When I was learning Spanish in Costa Rica, there were these two eight-year-olds that would always come try to talk to me, very emphatically. They really wanted me to understand. I couldn't get a single word. Eventually their cousin came over and told me that one was saying that he has a button on his shirt where if you press it, he grows wings like Buzz Lightyear, and when the other was pointing at his arm, he wanted me to know that he has blood under there, and what gymnastics moves do I know?

paddy665   March 27th, 2012 11:49p.m.

I think most kids in China are too scared to talk to me. Except the yelled, "Hello Lao Wai Hello", or "What's your name?" that all expats in China come to hate/love after spending time in China.

Whenever I try to go and actually talk to them they are too shy to speak to me in Chinese, it could also be because they can't speak putonghua very well.

Maybe I should try harder to talk to kids.

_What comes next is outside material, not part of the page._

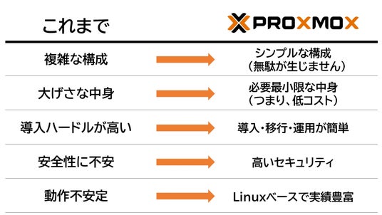 下記は、これまでの仮想化ソフトと【PROXMOX】のちがいです。

junglegirl   March 28th, 2012 7:03a.m.

@Nick: So what gymnastics moves do you know?

nick   March 28th, 2012 9:03a.m.

Not very many: forward roll, handstand, headstand, frogstand, cartwheel, somersault, worm. There's no reason why the kids would think I actually knew gymnastics except that they hope that everyone can do tricks for their pleasure.

Renbit   April 16th, 2012 10:03p.m.

I can definitely see the issue with trying to catch on to kid-speak in a foreign tongue. Sounds fun though!